Type: Research Studies
Date Published: June 6, 2012
Authors:
Research Topics:
Canada-US Relations

In the United States, Mandatory Country-of-Origin Labeling (MCOOL) was brought into force in 2008. Because of the bill, American retailers must inform consumers about the country of origin of various classes of meat products including muscle cuts of beef, pork, and lamb, as well as chicken, fish products, and other perishable food items.

The common practice in most countries is that imported products are either labeled with a simple declaration of their country of origin, or are labeled under the name of the country that has added the last substantial amount of value (such as processing) to the product. The MCOOL provision is substantially different. It requires retailers to use one of four types of labels. In the process of determining the appropriate label, the origin of the animal, where it was raised, and the country in which it was slaughtered and processed must be determined, tracked, and recorded.

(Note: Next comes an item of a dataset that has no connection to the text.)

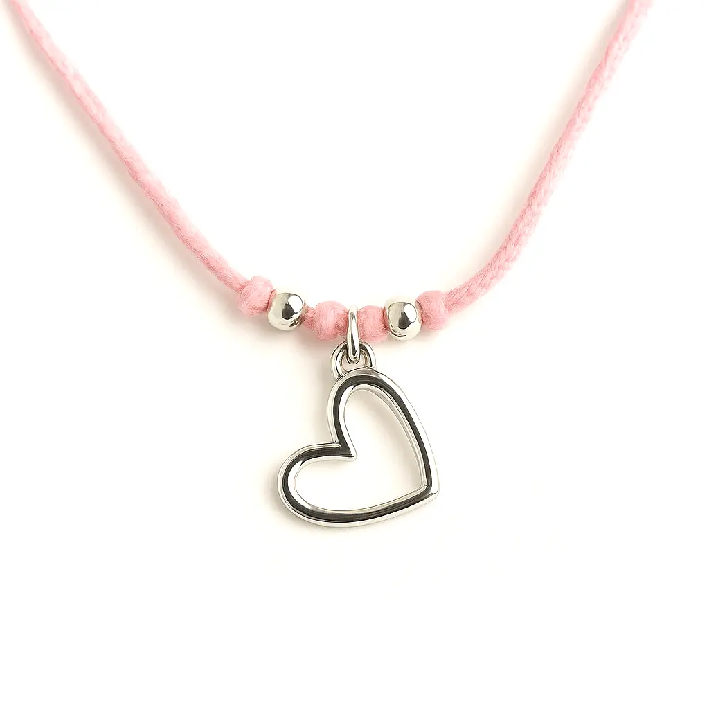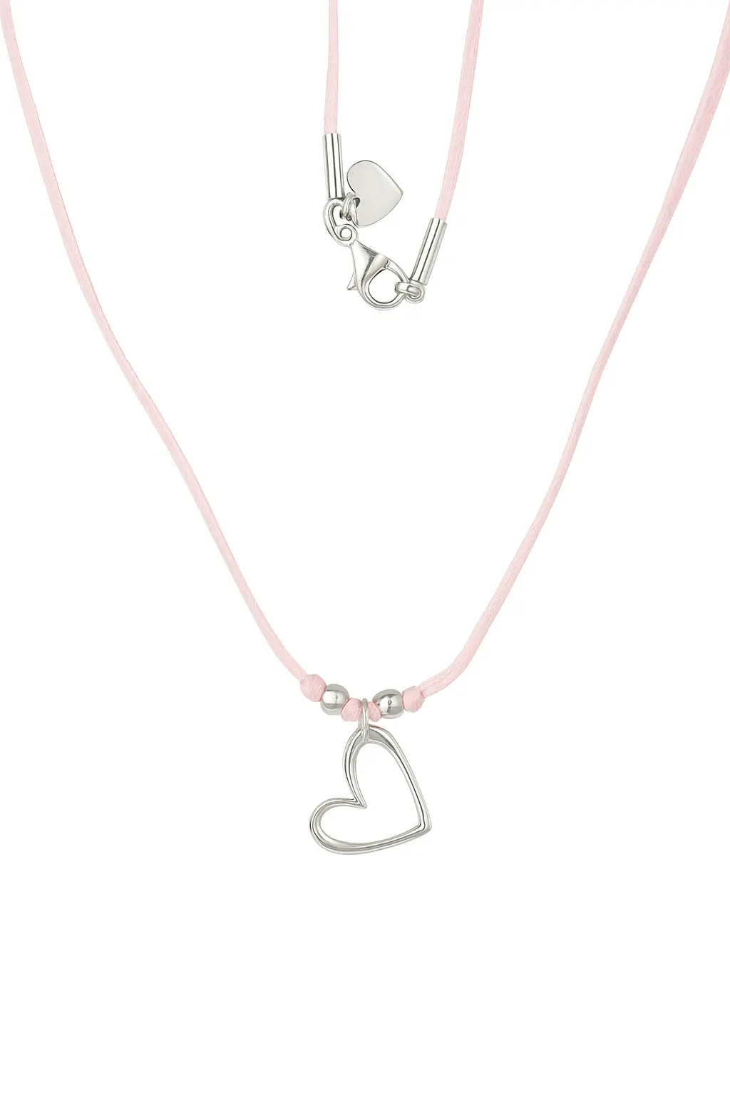 Sublimez votre collection de bijoux avec le collier pendentif cœur ouvert en argent sterling sur cordon rose — un accessoire intemporel qui dégage élégance et charme.

Over the past several decades, Canada and the United States (as well as Mexico) have developed an integrated supply chain for many red meat products in which calves and young pigs may be born in one country, raised in another, and/or slaughtered on either side of the border. Because of this, the new MCOOL label imposes by necessity a tracking, segregating, and recording system that adds significant extra cost to the integrated system of meat production.

This extra cost threatens the efficiency created over the years between Canada and the United States (and Mexico). Producers can now choose an “all-American-all-the-time” product and in so doing avoid steep labeling costs. Contrary to what many legislators suggest—this product is not necessarily of better quality, or derived from a safer animal or a better health standard, but just happens to have cheaper transaction costs due to the criteria and processes needed to implement MCOOL.

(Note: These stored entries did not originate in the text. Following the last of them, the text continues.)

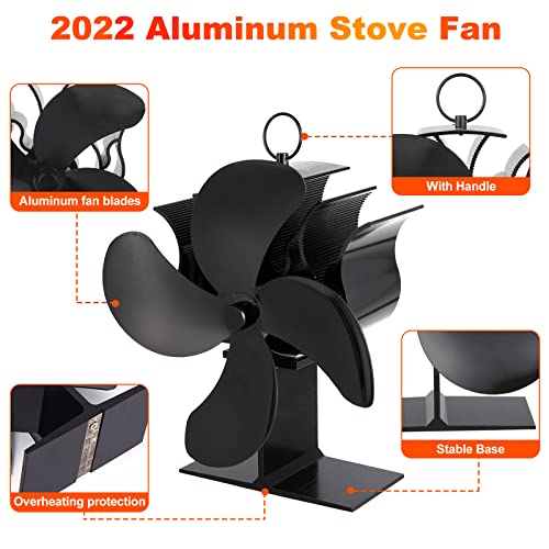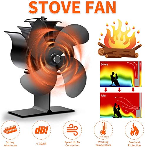 Bestine Ventilatore per Stufa, Ventilatore da Camino con 4 Lame, Ultra Silenziosa ed Efficiente Ventilatore per Caminetto Ecologico per Legna/Bruciatore di Tronchi/Stufa/Camino, con Termómetro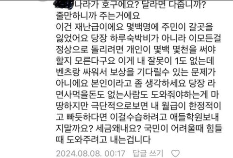 세금으로 지원했던 선례가 남아 자꾸 이렇게 세금타령만 하는 겁니다. 고마운 줄 모르고 본인들이 낸 세금 돌려받는다는 생각이나 할 테고요. 아파트가 단체로 벤츠에 소송을 걸든지, 구상권 청구를 하든지 해야하고 스프링클러는 왜 작동 안했는지도 밝혀내야죠. 물에 빠진 사람 건져놨더니 보따리 내놓으라 한단 말이 딱 어울립니다. 사람들이 염치가 좀 있어야지. 어이가 없네.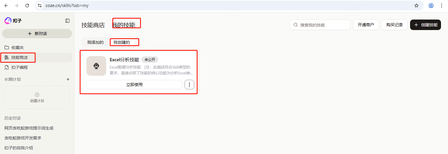 本文选用Coze平台作为Skills实践平台。Coze中会有技能商店,里面的技能属于黑盒。接下来我们自己创建属于自己的Skills。Coze平台提供给我们的是帮助我们编写Skills的Skill。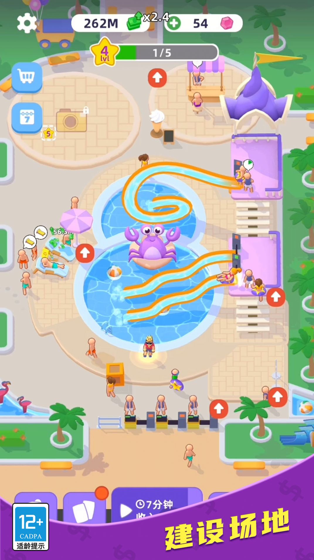 1. 设施建设:玩家需要从零开始建造水上乐园,包括喷水池、滑水道等各种游乐设施,以及餐厅、卫生间等基础服务设施。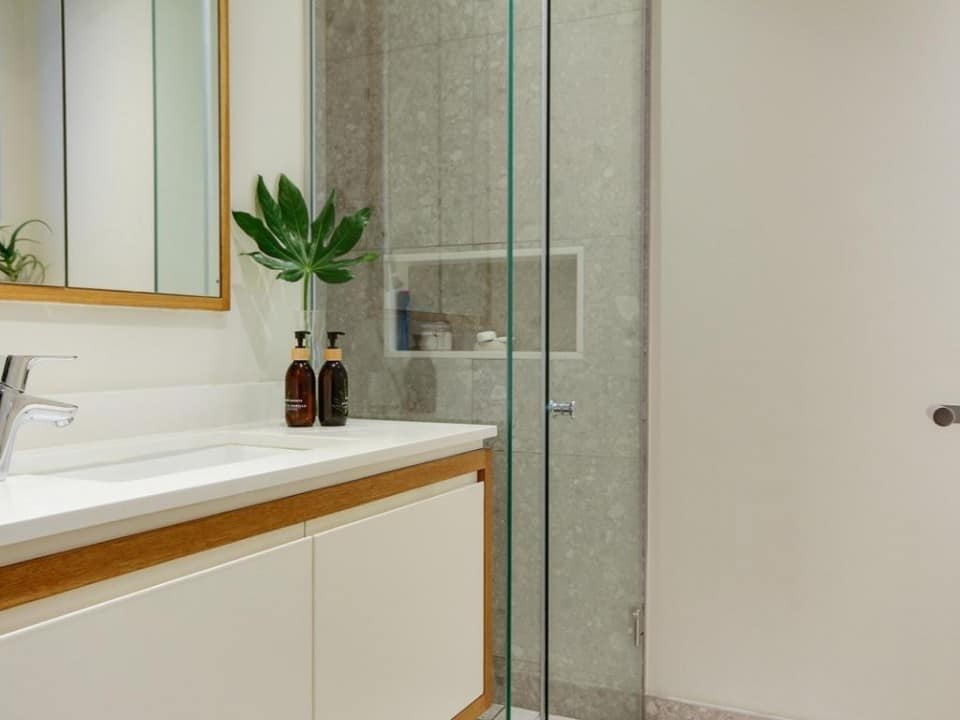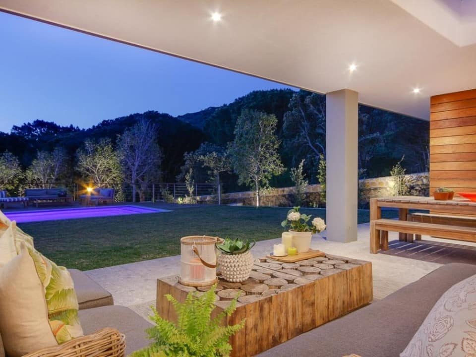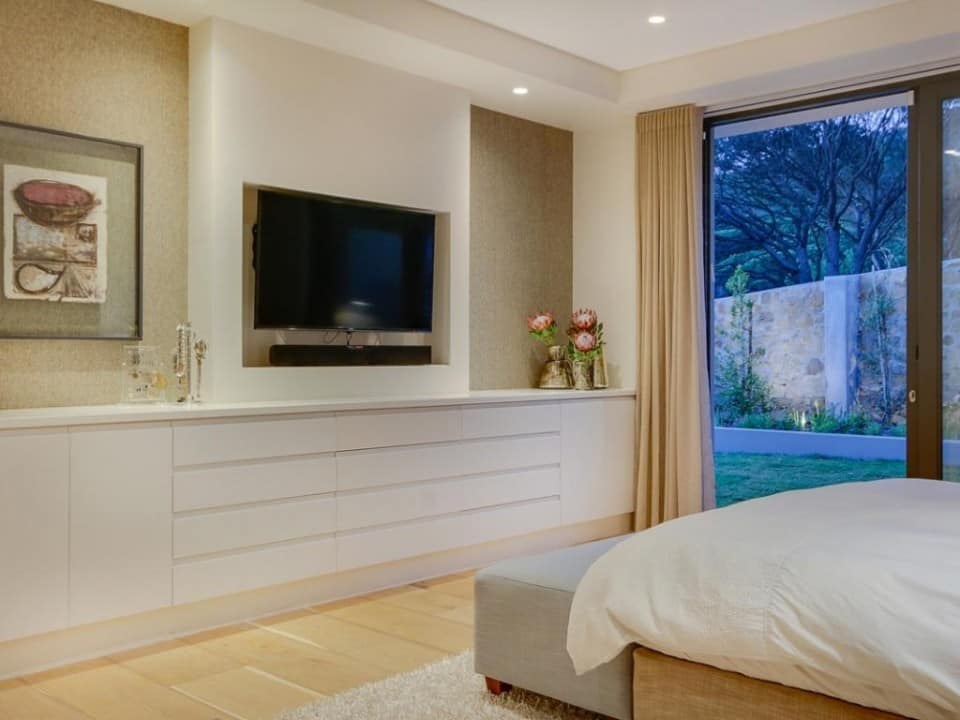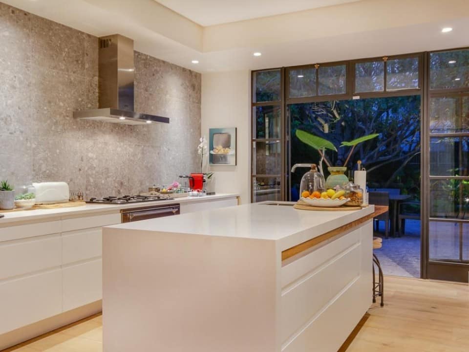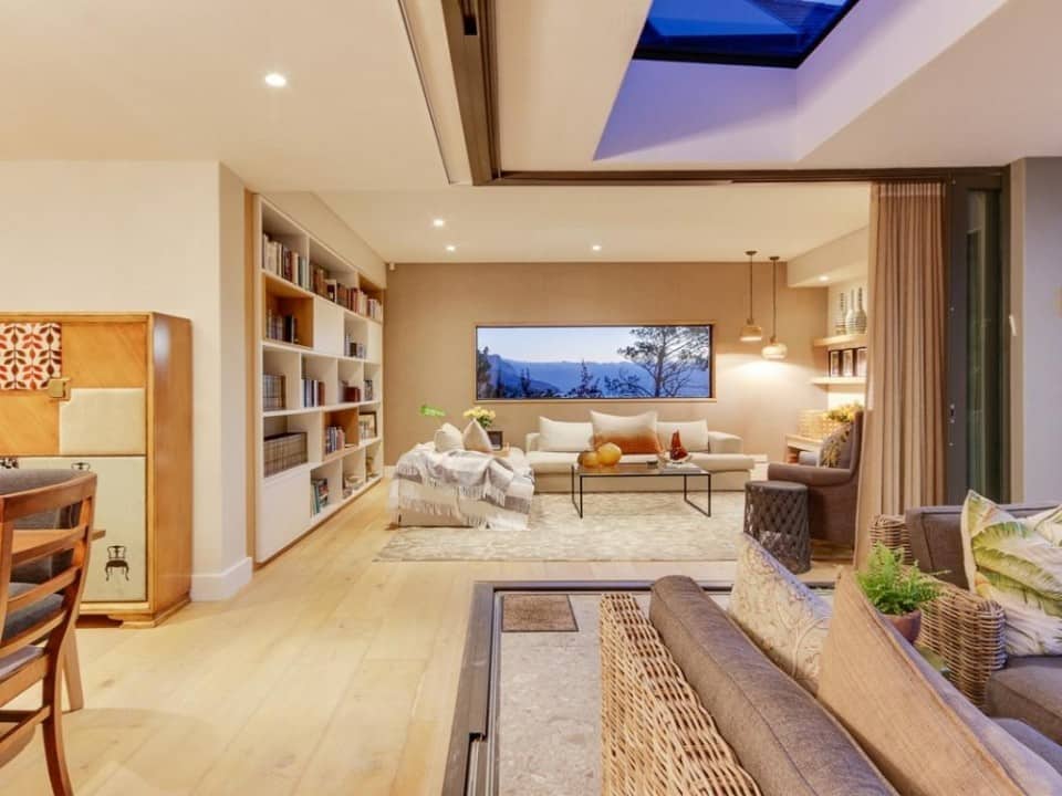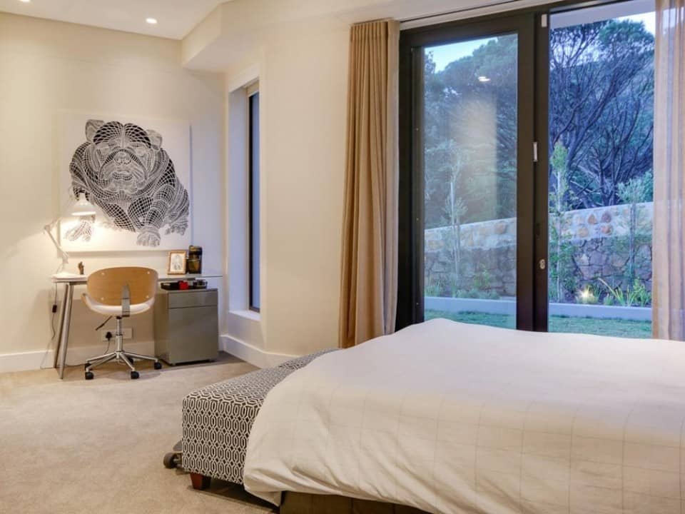 One entire wall filled with books, while the opposite wall has a flat screen TV and a gas fireplace, great for cooler evenings when you just want to relax. Outside you will find a lovely spacious garden with a swimming pool, loungers and comfortable couches. The covered patio lounge offers outdoor dining for 8 guests. From the kitchen, you can also access a small courtyard with a gas BBQ and outdoor dining for 6 guests.

Since MCOOL went into force, Canadian cattle and hog exports to the United States have decreased by 42 and 25 percent respectively. This drop in trade affects the US nearly as much as it affects Canada as many American processors and packers are faced with a lack of supply. There is an additional impact on employment. The livestock industry directly contributes to over 100,000 jobs in Canada and indirectly to many others. Likewise, many jobs in the United States are jeopardized by this measure.